Liberation of Blankenberge

75 years ago - liberation of Blankenberge

On September 9, it will be exactly 75 years ago that Blankenberge was liberated by the Canadian Manitoba Dragoons under the leadership of Lieutenant Eric James. This put an end to four years of German occupation. The local authorities of Blankenberge commemorate this remarkable anniversary with a commemoration ceremony on the occasion of Liberation Day, with an exhibition and a series of lectures.

Commemorative ceremony and floral tribute

Saturday 07/09 - 10.30 a.m.

Academic session at CC Casino followed by a floral ceremony at the monument of the Manitoba Dragoons. 

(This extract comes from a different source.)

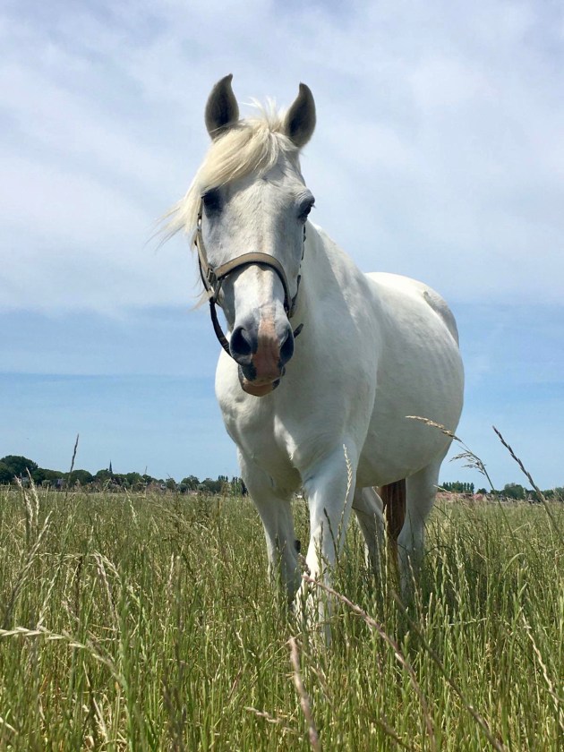 De start van het weideseizoen bracht ons kat nummer drie. En, zo kwamen we later achter, is het zusje van twee. Na wat aarzelende miauwen kwam ze uit het hoge gras tevoorschijn. Een schatje en heel aanhankelijk. Zo erg dat ze met ons mee terug naar stal liep en niet meer is weggegaan. Ze kent de polder op haar duimpje en hobbelt altijd met ons mee. Van stal naar de wei en terug. Voor een wandeling door de polder en zelfs bij een graassessie in het donker op de late avond zit ze als een waakhond naast mij in het gras. Ze is de brutaalste van het stel en bewoont onze “keet” alsof het haar eigen huis is.
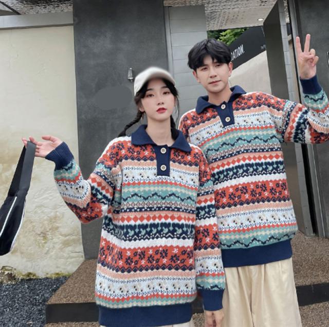 ペアニットセーター カットソー ペアルックニット 秋冬 厚手 メンズ レディース 長袖 トップス カップルお揃い男女兼用 プレゼント お誕生日

Exhibition 75 years liberation of Blankenberge

This World War II exhibition recalls the occupation of Blankenberge, the liberation of the city by the Canadian Manitoba Dragoons and the post-war commemoration of this horrific war.

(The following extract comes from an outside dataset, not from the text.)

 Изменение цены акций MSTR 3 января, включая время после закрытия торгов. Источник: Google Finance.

The exhibition tells the story of the occupation and liberation of our city by means of exhibits that largely consist of photographs and documents from the collection of the City Archives-the Benne, militaria of private collectors, authentic but never previously shown film footage and video testimonials of inhabitants.

  • Dates: 12/10 to 8/12
  • Opening hours: from Wednesday to Sunday, from 2 to 5 p.m.
  • Location: De Meridiaan, Casinoplein 9 (opposite the Tourist Information Point)
  • Free admission


There will be lectures on 24/10, 20/11 and 4/12, at 8 p.m. in the city hall, register at least 2 days before each lecture by sending an email to

Are you fascinated by the history of WWII and you just can't get enough of this subject? Then come to the free lecture series in the city hall. Three speakers will give lectures on a variety of topics related to WWII. The lectures take place on the first floor of the city hall (J.F. Kennedyplein 1) and start at 8 p.m. It is mandatory to register in advance.

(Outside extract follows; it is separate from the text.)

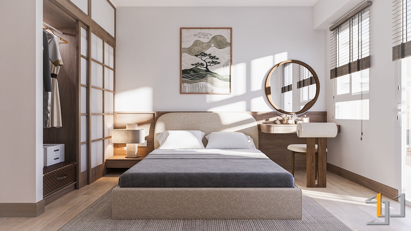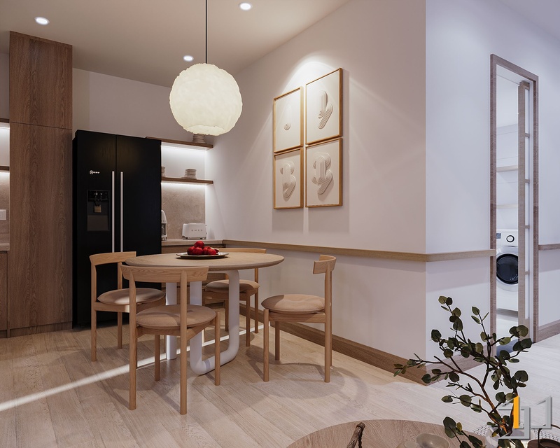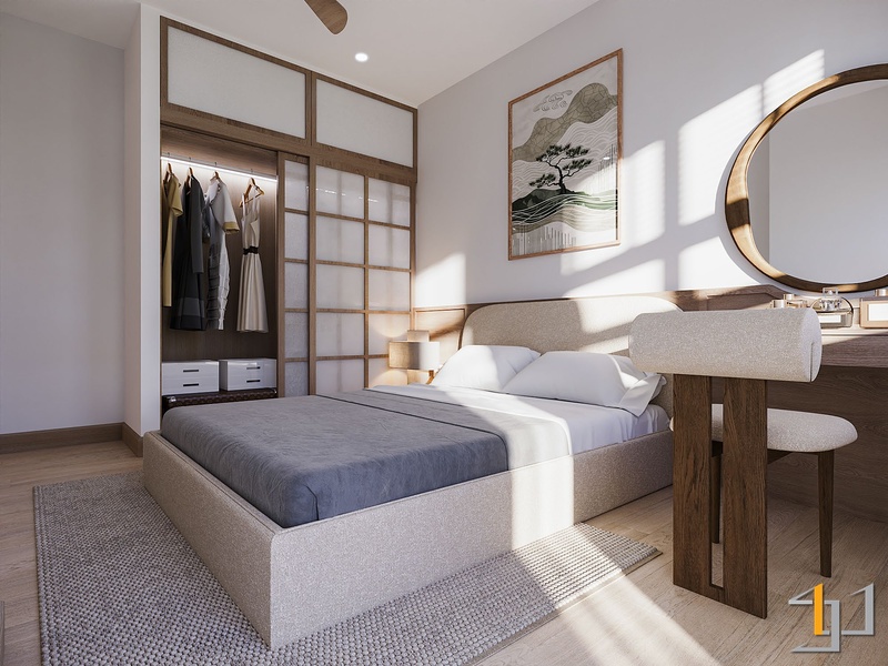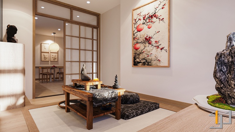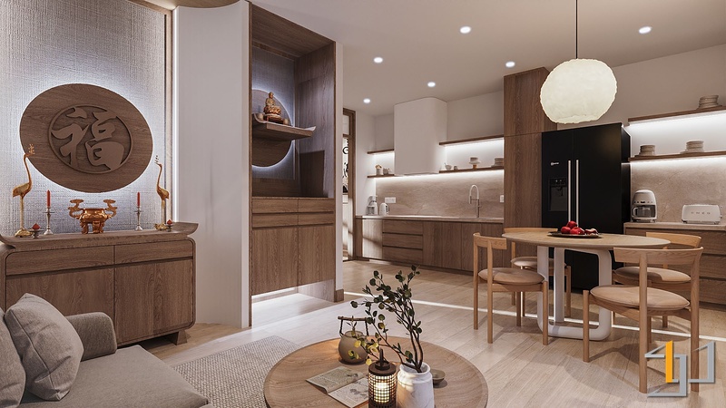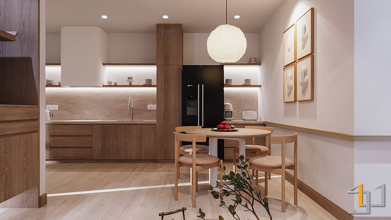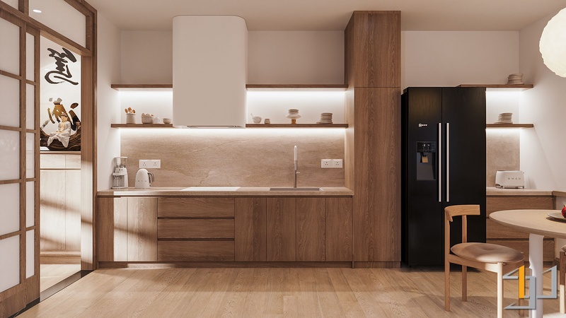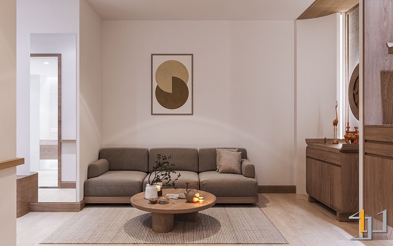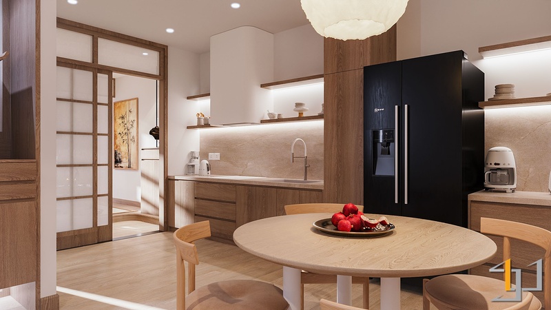 Gỗ là vật liệu chủ đạo, xuất hiện xuyên suốt từ sàn, hệ tủ đến nội thất rời. Tông gỗ sồi sáng với vân mịn tự nhiên mang lại cảm giác mộc mạc nhưng tinh tế. Cửa lùa Shoji khung gỗ kết hợp pano trắng giúp phân tách không gian nhẹ nhàng, đồng thời giữ được ánh sáng xuyên suốt. Hệ tủ bếp, tủ thờ và các chi tiết bo góc tròn mềm tạo nên sự chỉn chu, tiết chế.

Kristof Jacobs gives an overview of the liberation of our coastal region by means of testimonials, photographs and military reports, with special attention to the composition, the armament and the history of the Canadian liberation forces.


Kristof Van Mierop tells the story of his grandfather Roger Vyvey, who ended up in the Neuengamme concentration camp as a political prisoner with the camp number 44444, as a result of his acts of resistance.


Werner Brouwers explains about the Atlantic Wall, the chain of coastal batteries, fortifications and defence bunkers that Hitler had deployed along the coast from Norway to the French-Spanish border against an Allied landing invasion.